Let's consider $C[0,1]$ endowed with uniform norm ${\parallel f\parallel}_{\infty} =\displaystyle\sup_{t\in [0,1]}\|f(t)|$.
Let $T:C[0,1]\rightarrow C[0,1]$ defined by:
$$ Tf(t) = \int_{0}^{1} K(t,s) f(s) ds $$ where $K\in C([0,1]\times[0,1])$.
Show that $||T|| = \displaystyle\sup_{t\in [0,1]} {\int_{0}^{1} |K(t,s)| ds} $
@roo gave the answer quite clearly, but the part when choosing a sequence $(g_n)$ in $C[0,1]$ which converges to $g :=\text{sign}[K(t_{0},\cdot)]$. How you guarantee that such a sequence exists?
Thanks.
 A: It is guaranteed by the following two facts:
$1$. The continuous functions on $[0,1]$ are dense in $L_1[0,1]$.

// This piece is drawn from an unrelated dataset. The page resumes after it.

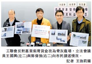王國興續說,政府最初規劃在18區共24選址興建公營骨灰龕安置所,個別項目工程已陸續上馬,其中柴灣歌連臣角靈灰角將增建2.5萬個骨灰龕位,預計於2019年落成,認為區內不存在需求問題,若批準嘉里的申請,把其他地區需求,集中在柴灣區解決,對柴灣居民不公道。他認為,嘉里是「賊佬試砂鍋」,一旦是次申請成功,擔心會將旗下約10個貨倉「照辦煮碗」申請改建,破壞城市規劃。
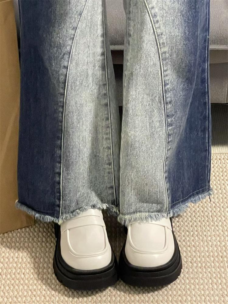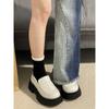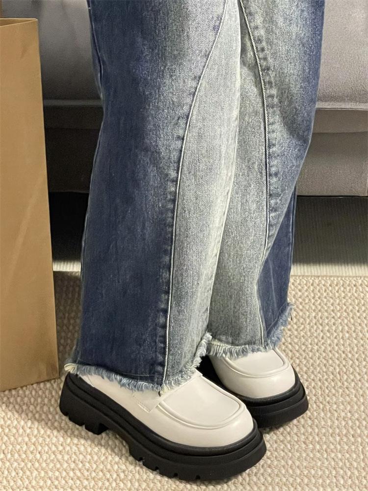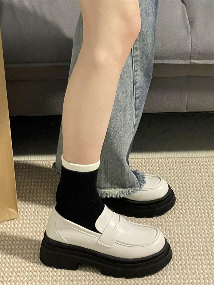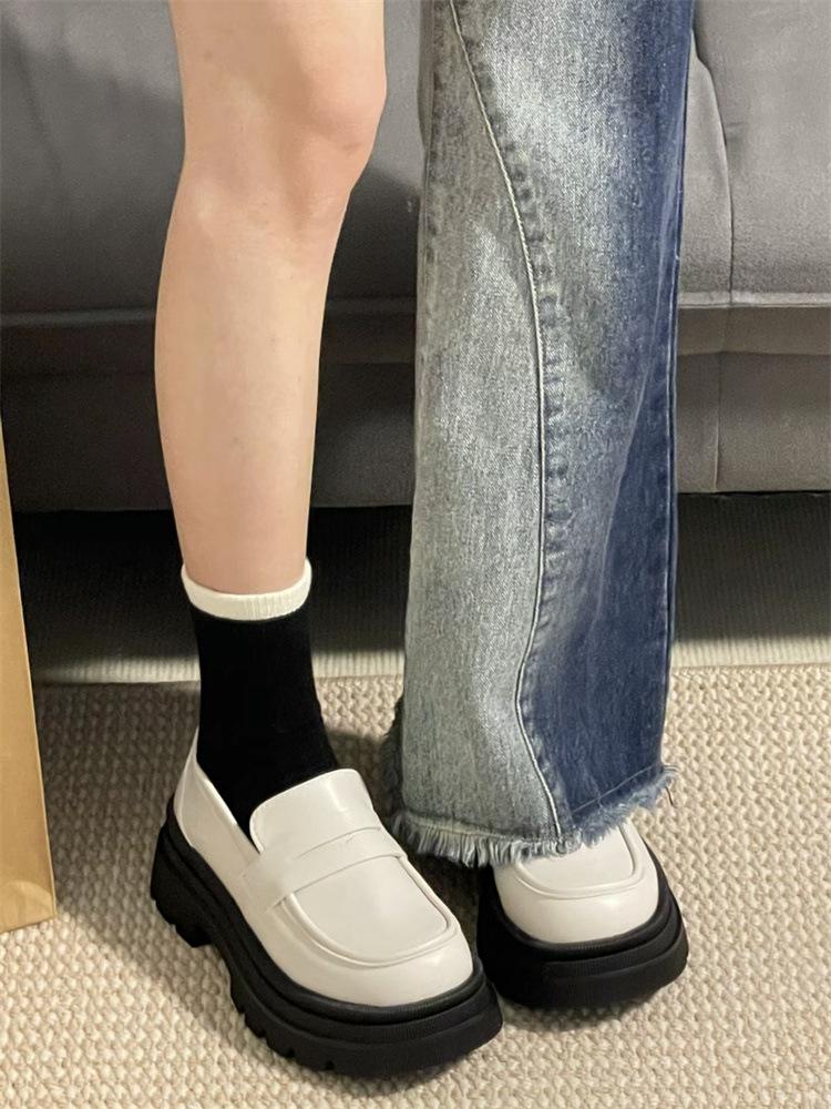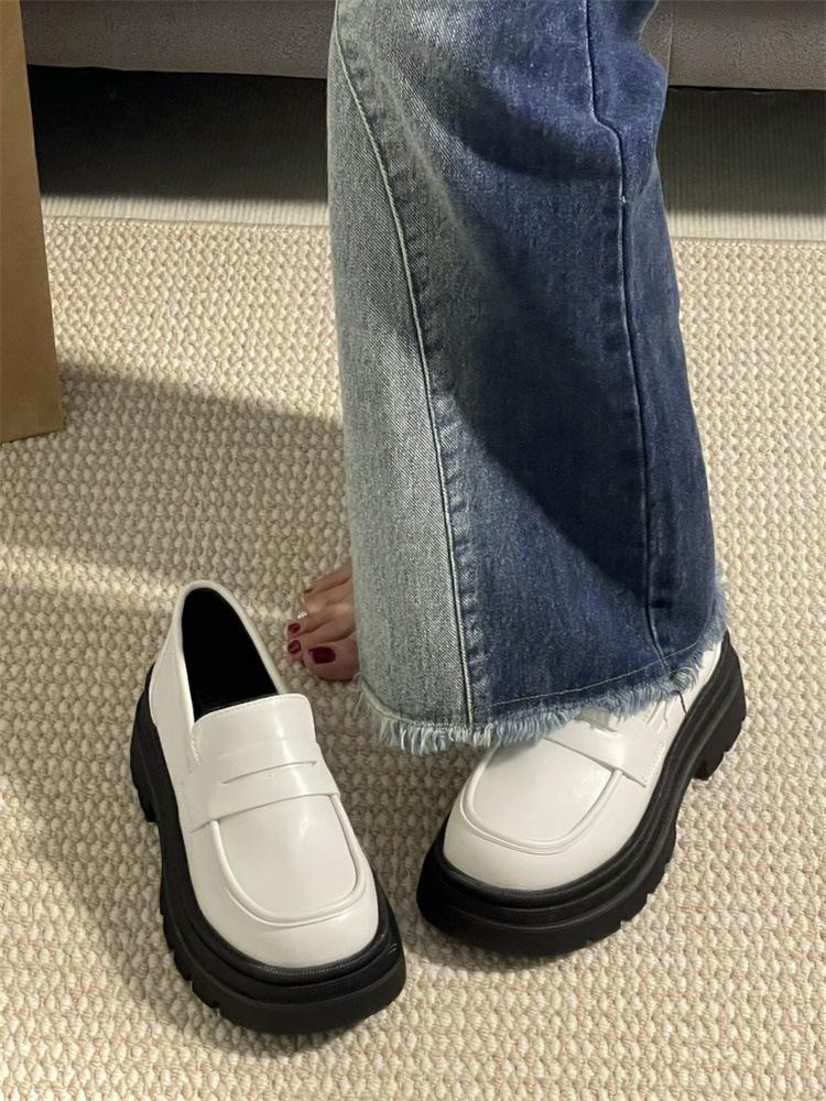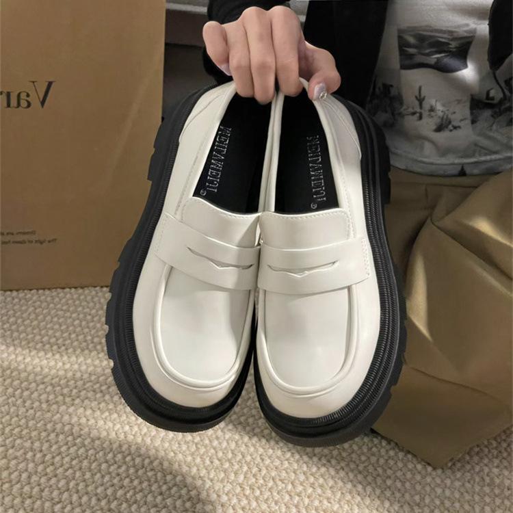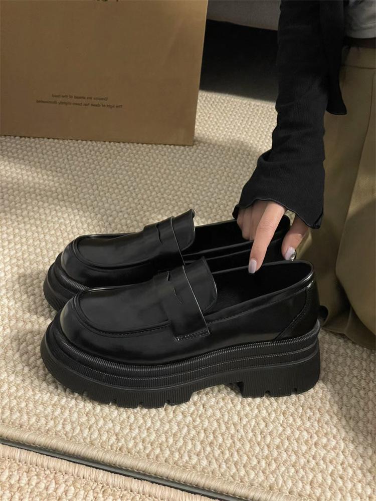Zapatos pequeños de cuero estilo británico para mujer, primavera nuevos, combinan con todo, retro, plataforma para aumentar la altura, zapatos de una sola capa, mocasines sin cordones

$2$. If $g_n\to g$ in $L_1$, then there is a subsequence of $g_n$ converging to $g$ almost everywhere.
(The measure is the usual Lebesgue measure).
These are standard measure-theoretic facts. You will find them in almost every textbook. For example, in Rudin's 'Real and Complex Anaylsis'.
A: In the answer of @roo:, he considers $t_0\in [0,1]$ such that
$$\int_0^1 |K(t_0, s)| = \max_{t \in [0,1]} \int_0^1 |K(t,s)| ds$$
(the function of $t$ on the RHS is continuous, not hard to check).
Now, consider the continuous function $s \mapsto K(t_0, s)$. The subsets  $U = \{ s\in [0,1]\ |\  K(t_0, s) < 0\}$, and $V = \{s \ |\  K(t_0, s) > 0\}$ are open in $[0,1]$. Take any $\epsilon > 0$.  Consider now $C$, $D$ compacts subsets of $U$, $V$ such that
$$\int_{C\cup D} |K(t_0, s)|\, ds> \int_0^1 |K(t_0, s)|\,ds - \epsilon$$
($C$, $D$ are finite unions of closed intervals).
Now take $f_1\colon [0,1] -> [0,1]$, continuous, $f= 1$ on $C$, $0$ outside $U$, and $f_2 = 1$ on $D$, $0$ outside $V$ ( this is fairly standard, say $f_1(t) = \frac{d_C(t)}{d_C(t) + d_{U^c}(t)}$), and $f = f_1 - f_2$. You got an $f$ of norm $1$ $\ldots$.